'''

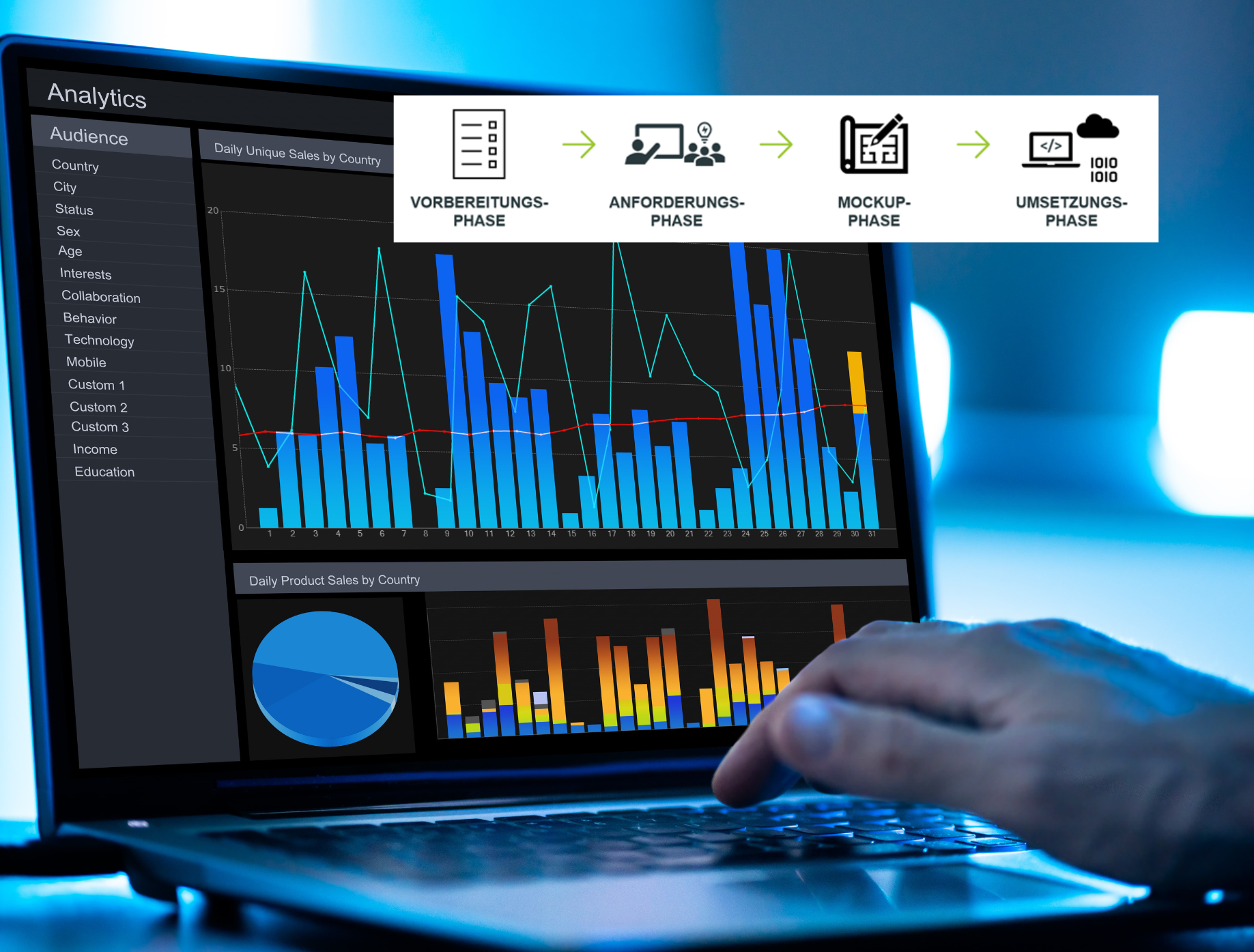 In dieser Phase konzipieren wir auf der Grundlage der validierten Anforderungen der Kunden ein initiales Mockup des Reportings. Je nach den individuellen Präferenzen der Kunden und der erforderlichen Komplexität des angestrebten Ergebnisses erstellen wir ein Design-Mockup zur Veranschaulichung der Visualisierung oder ein funktionales Mockup (Klick-Dummy), in dem neben der Visualisierung auch die Funktionalitäten des Reportings getestet werden können. In beiden Fällen führen wir zur Finalisierung des Mockups iterative Feedbackschleifen mit unseren Kunden durch.
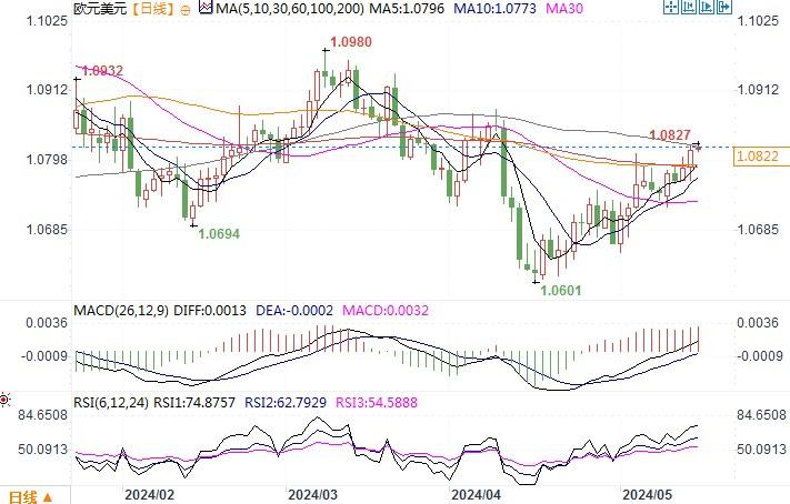北京时间5月15日12:57,欧元兑美元报1.0822/22
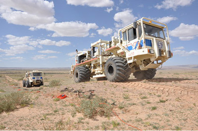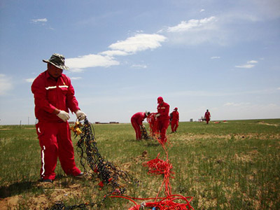 东方物探长庆物探处6支作业队伍按照油田公司勘探部署,根据探区的地形状况、地质条件,紧密结合项目运作实际,推广应用东方物探自主研发的新装备、新技术。长庆物探处推广适宜鄂尔多斯盆地勘探的“三中两多一高”地震技术(适中药量,适中井数,适中井深;多接收线、多炮线;高覆盖次数),并着力推进低频可控震源在整个沙漠草原区应用,使采集效率提高20%至30%。
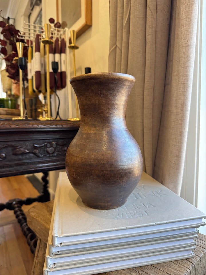 Classic pottery vase featuring a concave neck and bulbous body, hand-thrown in dark clay with a matte bronze finish. This traditional amphora-inspired shape dates to the mid-20th century, likely European craftsmanship. Height approximately 8 inches. Shows desirable patina and signs of authentic aging.
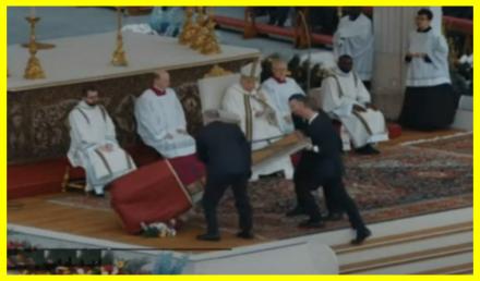 During the Easter Mass in the Vatican near Pope Francis, an icon of Jesus Christ fell down. The corresponding video was published online
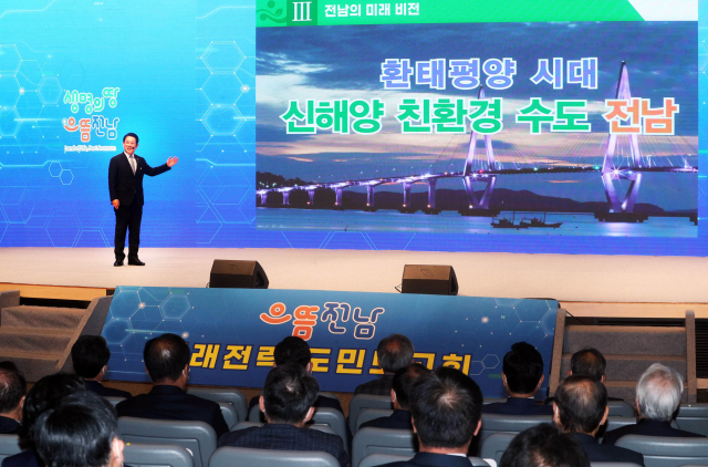 이날 김영록 전남도지사가 발표한 ‘으뜸전남 미래전략’은 ‘신 해양·문화관광·친환경 수도 전남’의 비전 아래 8대 추진 전략, 69개 과제(핵심과제 34개·지역발전과제 26개·제도개선 건의 9개), 82조 원 규모로 구성됐다. 지난 9월 발표한 전남발전 정책과제를 다듬고 보완해 완성했다.
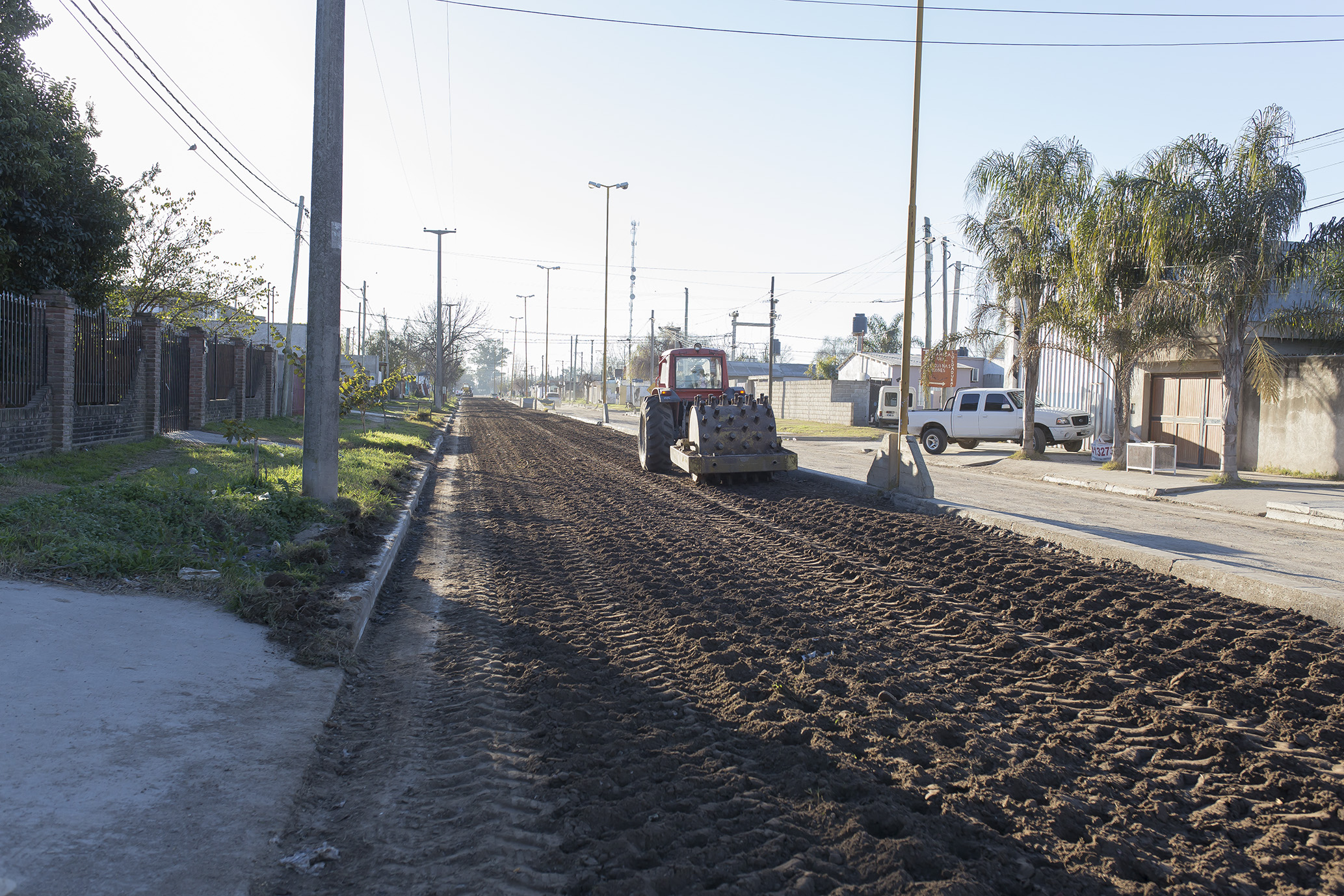 El nivelado, compactado e incorporación de áridos se cumple en bulevar Eva Perón.
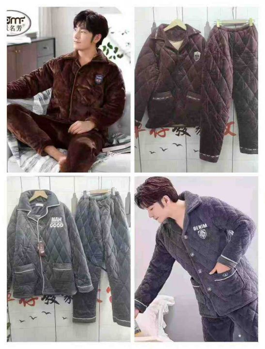 [福]冬季加厚男女睡衣珊瑚绒三层夹棉加绒保暖秋冬法兰...
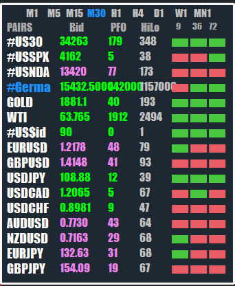 The problem I face (and many others I assume) is that CFDs of indices and commodities are not displayed correctly (see below dash picture for #Germany30 and #US$idx_M21 - for #Germany30 zero decimals should be shown, for #US$idx_M21 2 decimals, or 3 should be shown). One cannot provide for all the possible naming combinations used by brokers, so why not give the users the ability to define how many decimal places to be shown for each CFD? Currency pairs are displayed correctly so we are talking about the Index Pairs input of the indicator. How about creating another input field (let's name it 'Index Pairs decimals'), below the Index Pairs field, so that the user can define for each entry in the Index Pairs field, by inputting a comma separated array of values, how many decimals will be shown in the Bid column. From this value, the PFO and HiLo display can be adjusted automatically.
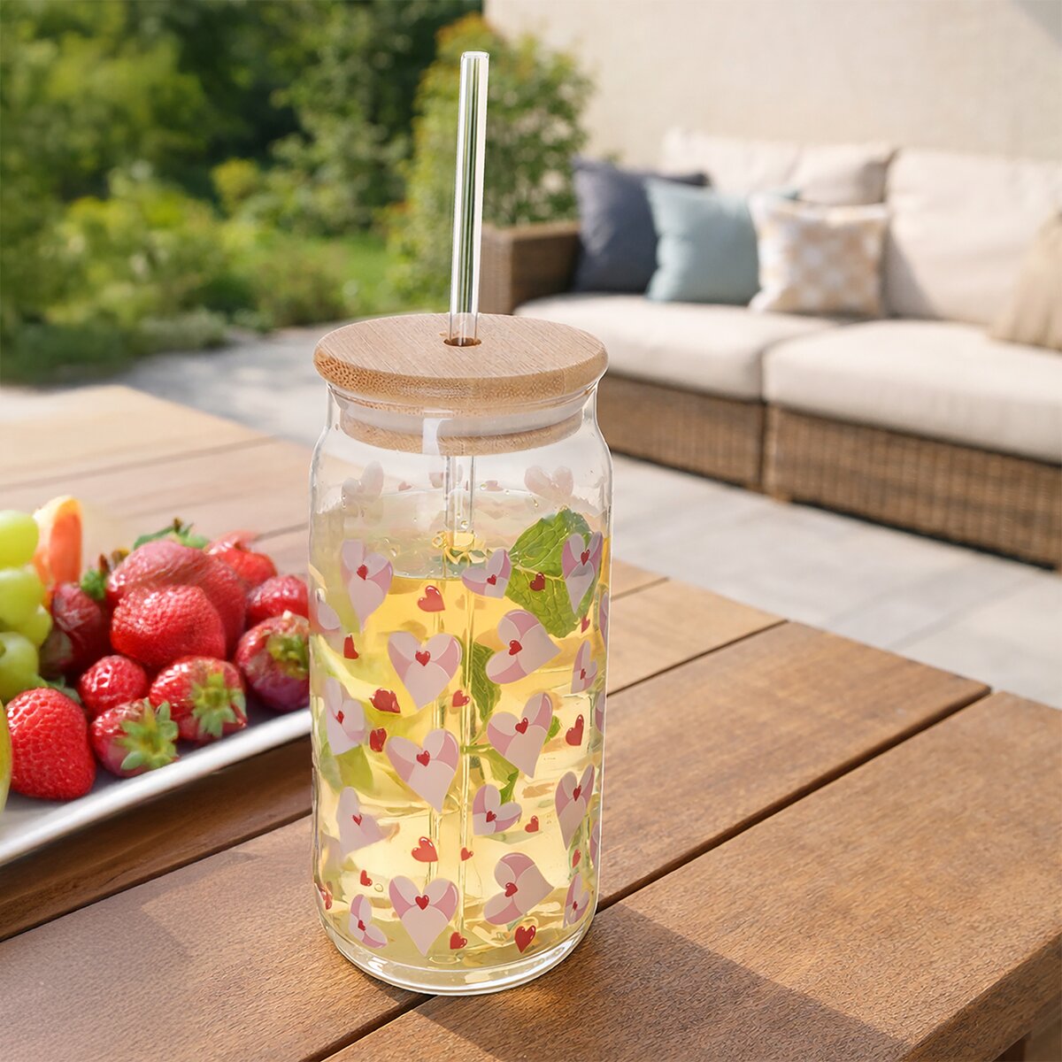 Víčko umožňuje přímé pití pomocí skleněného brčka délky 21,5 cm. Sklenici lze používat samostatně i bez víčka a brčka. Skvěle se hodí pro domácí limonádu, ovocnou šťávu nebo jakýkoliv jiný oblíbený nápoj.
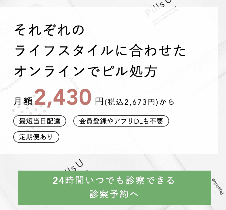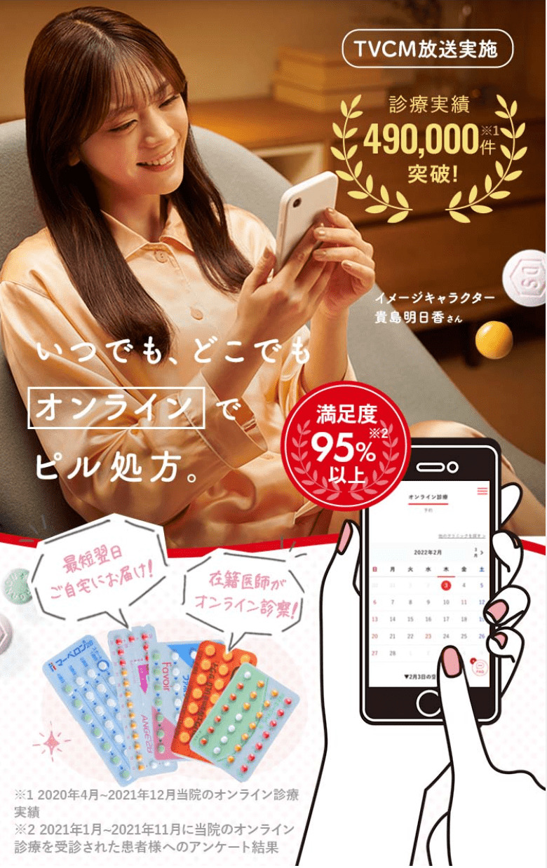 アプリダウンロード不要・所要3分のネット問診でお手軽ですよ。即日のピル処方が可能ですよ。
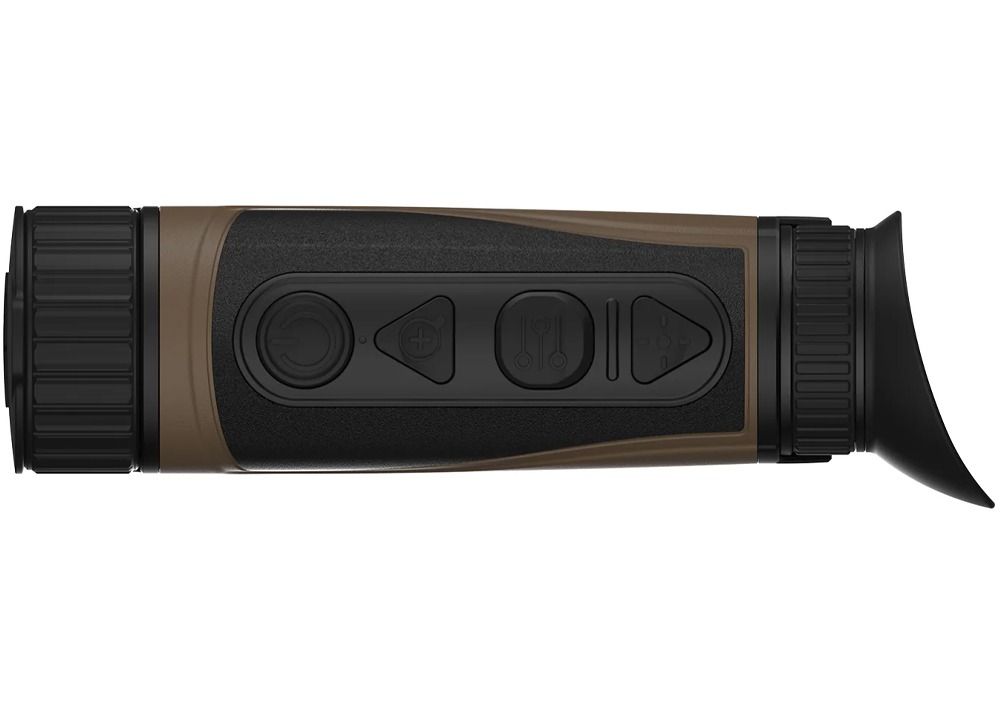 El monocular de imagen térmica DNT Hound H325R cuenta con una carcasa ergonómica, lo que lo hace cómodo de sostener, incluso durante largas sesiones de caza u observación. Esto se aplica tanto al uso de zurdos como diestros. Los botones táctiles claramente en la parte superior del Hound H325R aseguran un funcionamiento muy intuitivo, permitiendo que la otra mano permanezca libre.
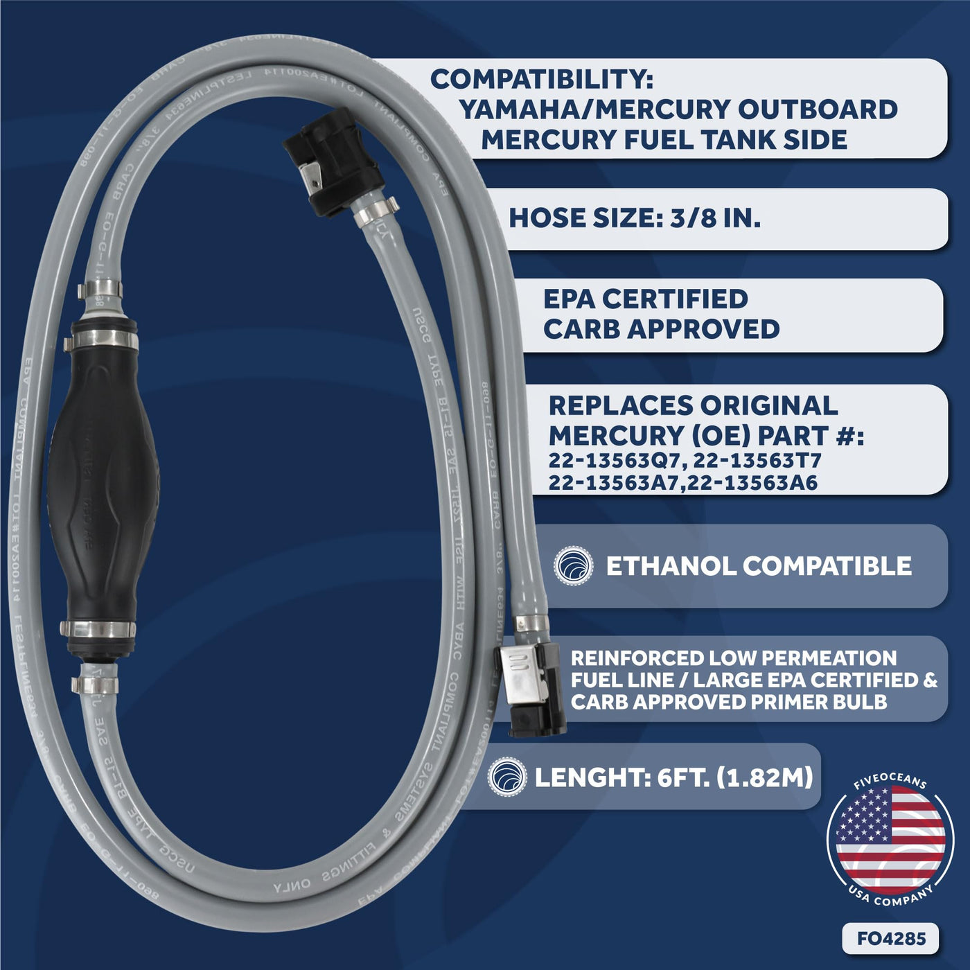 COMPATIBILITY: All Yamaha/Mercury Engines and Mercury Fuel Tank Side - Replaces Original Mercury (OE) Part #: 22-13563Q7, 22-13563A7, 22-13563A6, 22-13563T7.PACKAGE INCLUDES: A Leakproof 3/8-Inch Fuel Line Assembly Hose 6-Foot Length, a Premium Primer Bulb, 2 Yamaha/Mercury Female Quick Connectors and 2 Stainless Steel Hose Clamps.MULTI-LAYER: Low-permeation Primer Bulb 3/8 Inch Hose that provides reliable and efficient priming to help start your boat engine.FUEL COMPATIBILITY: Primarily used for fuel feed. Compatible with gasoline up to 85% ethanol-blended fuels, diesel, and all bio-diesel blends.DURABLE MATERIAL: Engineered and designed with marine-grade material. This Fuel line is weather and UV Resistant. Meets USCG type B1-15 SAE J1527 and ABYC Accepted Standards. Reinforce Hose Approved by Environmental Protection Agency EPA and CARB regulations.

'''

- **THE TASK**: Looking at the listing above, which lines run from the one containing "The problem I" through the one containing "アプリダウンロード不要・所要"? Print exactly those, ends included, pictures excluded.

- **REPLY TO THE TASK**:
 The problem I face (and many others I assume) is that CFDs of indices and commodities are not displayed correctly (see below dash picture for #Germany30 and #US$idx_M21 - for #Germany30 zero decimals should be shown, for #US$idx_M21 2 decimals, or 3 should be shown). One cannot provide for all the possible naming combinations used by brokers, so why not give the users the ability to define how many decimal places to be shown for each CFD? Currency pairs are displayed correctly so we are talking about the Index Pairs input of the indicator. How about creating another input field (let's name it 'Index Pairs decimals'), below the Index Pairs field, so that the user can define for each entry in the Index Pairs field, by inputting a comma separated array of values, how many decimals will be shown in the Bid column. From this value, the PFO and HiLo display can be adjusted automatically.
 Víčko umožňuje přímé pití pomocí skleněného brčka délky 21,5 cm. Sklenici lze používat samostatně i bez víčka a brčka. Skvěle se hodí pro domácí limonádu, ovocnou šťávu nebo jakýkoliv jiný oblíbený nápoj.
 アプリダウンロード不要・所要3分のネット問診でお手軽ですよ。即日のピル処方が可能ですよ。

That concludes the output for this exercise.